First, in a large bowl, combine cream cheese, sour cream, mayo, artichoke hearts, spinach, garlic, mozzarella and Parmesan. Season with salt and red pepper flakes.
Next, using a paring knife, cut pockets in the thickest part of the pork chops and stuff with cream cheese mixture.
Finally, in a large skillet, heat 1 tablespoon oil over medium heat. Add pork chops and cook 4 minutes per side until golden and cooked through. Repeat with the last two pork chops and serve.
Alfredo
This fettuccine alfredo is restaurant quality and is extremely easy to make, even for the novice cook. What you’ll love most about it is the super tasty creamy sauce, especially good for dinners during the week. Here’s the quick recipe via errenskitchen.com.
Ingredients you’ll need: 1 pound Fettuccine, 2 cups half and half, 1 clove garlic peeled and left whole (optional), 1 stick salted butter softened, 1 pinch nutmeg, 3/4 cup freshly grated Parmesan cheese plus more for serving, salt and black pepper to taste, chopped fresh flat-leaf parsley for garnish.
First, in a large pot, cook the Fettuccine according to the package instructions until just under-cooked. It will finish cooking in the sauce.
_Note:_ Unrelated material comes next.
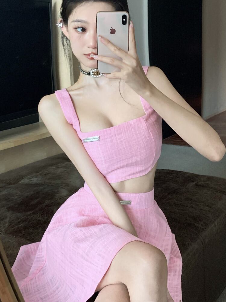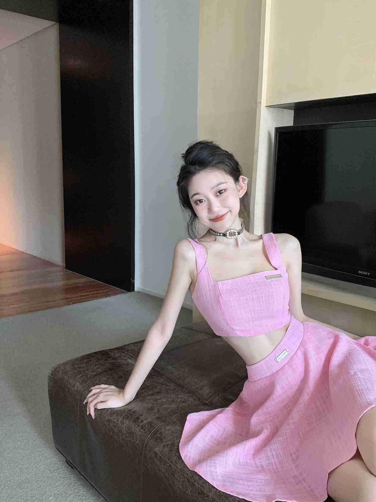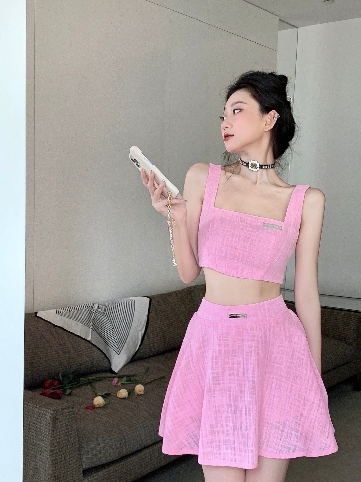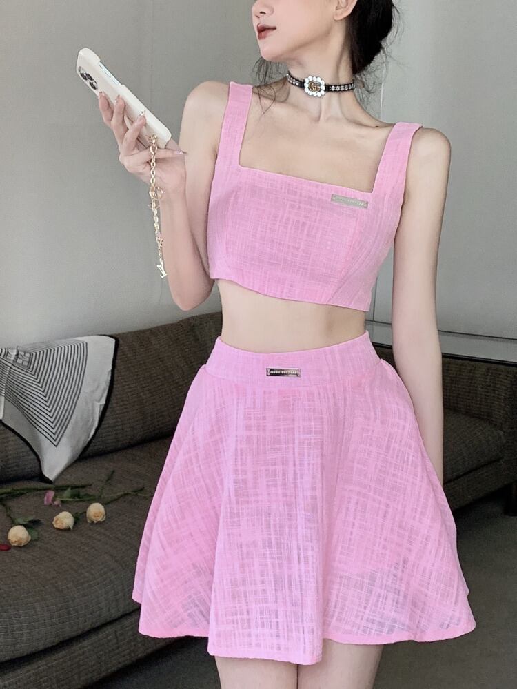 小さな香りツーピースセット女性ベストクロップトップ + ミニスカートセット甘い夏セットレディース衣装 大人ガーリー スウィート キュート カジュアル サマー 夏物 mes63412978183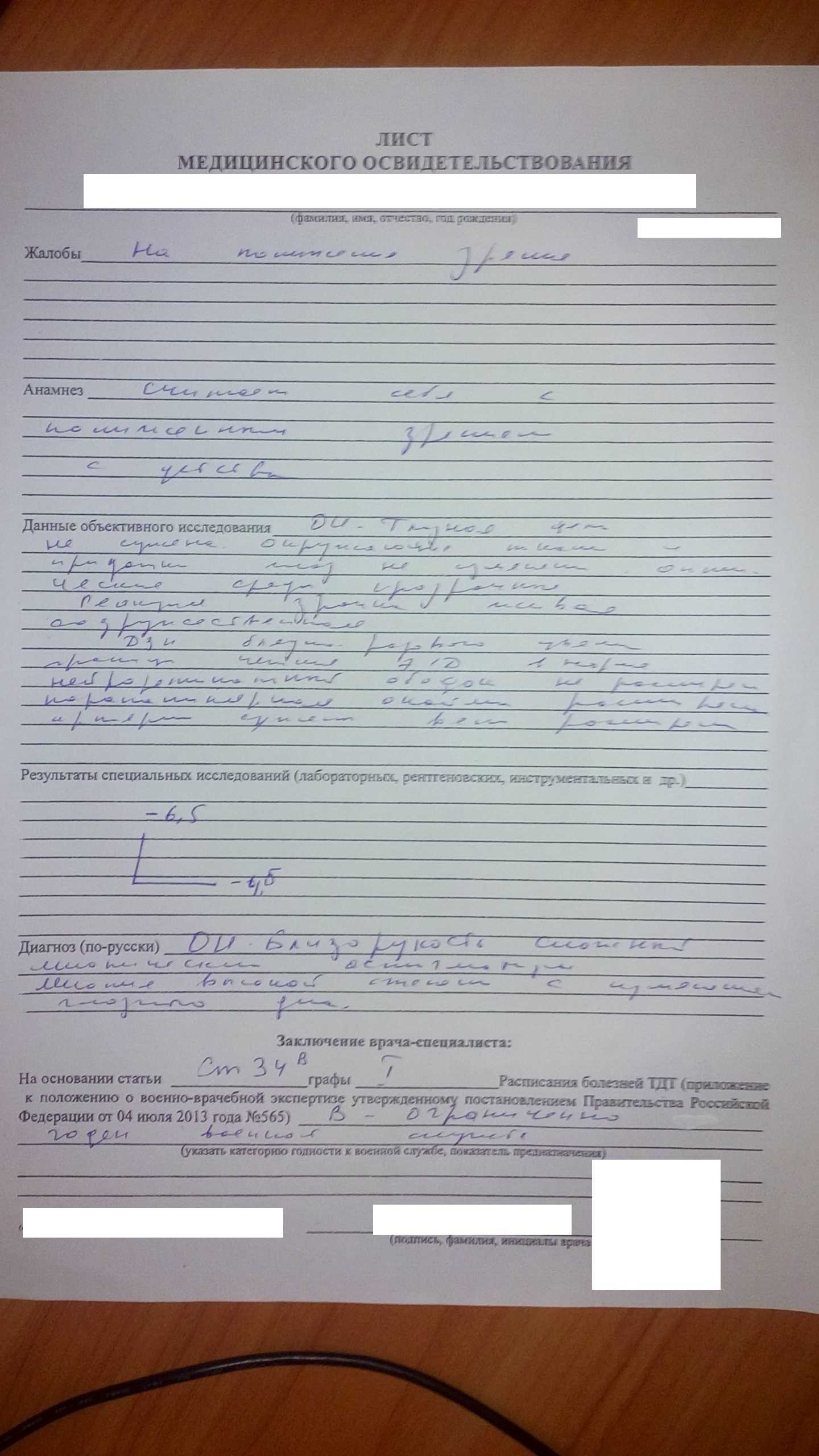 Врач этот вроде еще и военкоме на комиссии сидит, и поэтому такой вопрос: он ничего не перепутал?

While the pasta is cooking, in a deep saute pan, heat the cream and garlic (if using) over low-medium heat. Add butter and whisk gently until melted. Remove and discard the garlic. Mix in the nutmeg and cheese. Season with freshly grated black pepper.
After this, drain, reserving 2 cups pasta cooking liquid. Add it to the pan, gently toss the pasta to coat in the Alfredo sauce adding some of the pasta water if needed to loosen.
Finally, top with more grated cheese and chopped parsley. Serve immediately.
Baked Swordfish
While swordfish isn’t the first fish you’d probably think to prepare, it’s definitely well worth adding to your menu. Once you prepare it for the first time, you’ll know exactly why! Here’s the quick recipe from delish.com.
Ingredients you’ll need: 3 tbsp. extra-virgin olive oil, divided, 3 swordfish steaks, kosher salt, freshly ground black pepper, 2 pt. multicolored cherry tomatoes halved, 1/4 cup red onion finely chopped, 3 tbsp. thinly sliced basil, juice of 1/2 a lemon.
First, heat oven to 400°. In a large cast-iron skillet over high heat, heat 2 tablespoons oil. Add fish to pan and season tops with salt and pepper. Cook until fish is browned on one side, 3 to 5 minutes. Flip and season the opposite side with salt and pepper. Remove pan from heat and place into the oven.
Roast until swordfish is cooked through and flaky, about 10 minutes.
Make the fresh tomato salad: In a large bowl combine tomatoes, onion, and basil. Add remaining tablespoon oil and lemon juice and season with salt and pepper. Spoon salad over fish and serve.
These are meals your whole family will love, including the little ones. Depending on the size and appetites of your family, some of these meals may be finished in one sitting, but others will stretch so you’ll be sure to have leftovers that you can eat throughout the week.